- Born: Jenna Lê Minneapolis, Minnesota
- Writing career
- Genre: Poetry

= Jenna Lê =

American poet and medical doctor

Jenna Lê is an American poet and medical doctor. A Minnesota-born daughter of Vietnam War refugees, Lê grew up outside Minneapolis and earned her B.A. in Mathematics from Harvard University and her M.D. from Columbia University. She lives and works in New York City.

== Career ==
She is the author of two full-length collections of poems, Six Rivers (NYQ Books, 2011), which was a Small Press Distribution Poetry Bestseller, and A History of the Cetacean American Diaspora (Indolent Books, 2018; first edition: Anchor & Plume Press, 2016), which won Second Place in the 2017 Elgin Awards. Her poetry, fiction, essays, book criticism, and poetry translations have been published widely. Her book Six Rivers reflects on four actual rivers the Perfume, Mississippi, Charles and Hudson, and two conceptual ones, the Aorta and the Styx. Other poems draw parallels between the experience of migratory animals and human migrants. A reviewer in the Minneapolis Star Tribune wrote that, "her work reminds us why poetry can be so exciting -- not because it shows us the world as we already know it, but because it takes the world we already know and makes it strange and new."

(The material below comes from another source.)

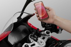 ➡️ Hamulec przód: 2 x czterotłoczkowe radialne hamulce tarczowe Brembo 320 mm z ABS
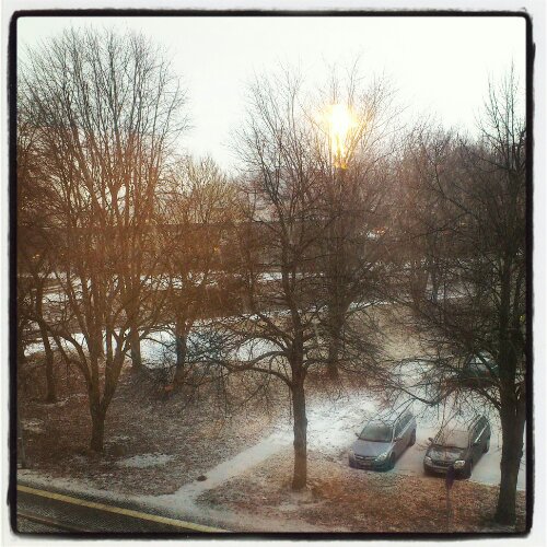 Jag har i alla fall kommit igång och börjat få hyfsat bra rutin på min träning 🙂 Har hittat fyra- fem olika pass på gymmet och jag försöker hinna med åtminstone två eller tre av dom per vecka. Jag har också börjat tycka om något som jag aldrig trodde att jag skulle göra!!! Nämligen löpning! Har ju gjort mina försök ibland men inte fastnat för det nått speciellt. Men nu… Jag kan nästan längta tills jag ska ut och springa. Märklig känsla 🙂 Idag såg det t.ex. ut så här utanför fönstret…

Le has been a Minnetonka Review Editor's Prize winner, a two-time Alpha Omega Alpha Pharos Poetry Competition winner, a William Carlos Williams Poetry Competition finalist, a Michael E. DeBakey Poetry Award finalist, a Pamet River Prize semifinalist, a four-time Pushcart Prize nominee, a Best of the Net nominee, and a Rhysling Award nominee. Since 2014 (after her Pharos Poetry Competition wins), Le has also served on the editorial board of The Pharos, the journal of the Alpha Omega Alpha Medical Honor Society.